Esch and McNeeley may very well overshadow Tapia and Ayala, two relatively powerless bantamweights. Consider the contrast factor: Both of the heavyweights are notoriously big punchers, albeit with records accumulated against suspect competition.

"We'll be the best fight on the card," Esch said Wednesday during a conference call he shared with McNeeley. "You can call it entertainment if you like, but we're going to fight and it's going to be worth the money."

Esch is 48-1-1 with 39 knockouts and has earned a niche in the sport with his four-round brawls.

McNeeley is 45-4 with 34 KOs and still a curiosity in spite of -- or maybe because of -- the way Tyson overwhelmed him four years ago.

In that bout, Aug. 19, 1995 at the MGM Grand Garden, McNeeley showed some early spunk but Tyson hammered him to the canvas twice in the first round. The fight was stopped when McNeeley's cornerman jumped into the ring in an effort to end an assault that was close to getting out of hand.

"I've been through the biggest show of all time," McNeeley said of facing Tyson in what was the ex-champion's first fight after being released from an Indiana prison. "I got a little drunk with all the fame and publicity."

He has since sobered up.

"I'm taking this seriously," he said. "I know we're both going into the ring to do the same thing. People think Butterbean has an advantage in a four-round fight, but I also think it's to my advantage because I can get tired in six or eight rounds.

"Four rounds I can do in my sleep."

McNeeley, 30, is training at Boston College and says he's in ideal condition.

"My physical and mental state is as good as it was for the Tyson fight," he said. "But I'm lighter and faster and more mature and wiser."

He said he'll weigh around 215 pounds, which is down from the 224 he carried into the ring against Tyson.

Esch, of course, is very rotund and will hit the scales at his usual 315.

"I've fought a ton of tough people," he said, discounting speculation that McNeeley may be too skilled for him. "I've got 40-plus wins and I feel I'm pretty legitimate."

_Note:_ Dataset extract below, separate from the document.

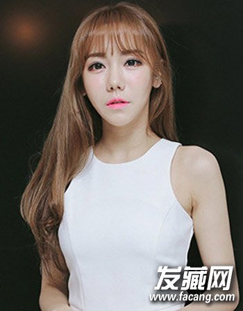 清新的空气感刘海造型设计可是最显女生的清新灵动感的了,配合这种清新飘逸的及腰长发设计与时尚的发梢微烫造型,卡其色的染发设计更添十足清新淑女风。

Esch, also 30, is a fighting machine in more ways than one, cramming 50 fights into a professional career that didn't begin until November of '94, and cramming three full minutes of action into each of his rounds.

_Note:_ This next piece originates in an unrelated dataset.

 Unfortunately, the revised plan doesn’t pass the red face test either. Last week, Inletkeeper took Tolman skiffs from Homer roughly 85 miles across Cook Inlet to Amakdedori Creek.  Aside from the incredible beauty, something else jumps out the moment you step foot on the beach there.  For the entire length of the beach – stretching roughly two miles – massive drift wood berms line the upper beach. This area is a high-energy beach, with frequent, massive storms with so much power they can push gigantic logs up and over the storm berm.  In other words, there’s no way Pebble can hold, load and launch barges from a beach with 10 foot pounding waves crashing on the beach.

"People like to see fast action," he said. "In a four-round fight there's no time to waste. Plus, I always try to go for the knockout."

The quick pace figures to sit well with McNeeley, who has 23 first-round knockouts.

"Like Eric, I come to fight," he said. "People get sick of watching heavyweights holding and grappling and wrestling. It's disgusting."

Since losing to Tyson, McNeeley is 9-2, with two of those victories coming as the result of disqualifications when his opponents were guilty of excessive holding. In his most recent fight, Feb. 12, McNeeley failed to survive the third round against Danish tough guy Brian Nielsen.

This fight with Esch gives McNeeley a shot at some measure of redemption. Likewise, a victory would allow Esch to at least vocalize his beliefs that he can fight with the best of them.

Unlike the Tapia-Ayala fight, there's no legitimate title at stake, yet in terms of fan appeal, Esch vs. McNeeley has everything the main event is missing.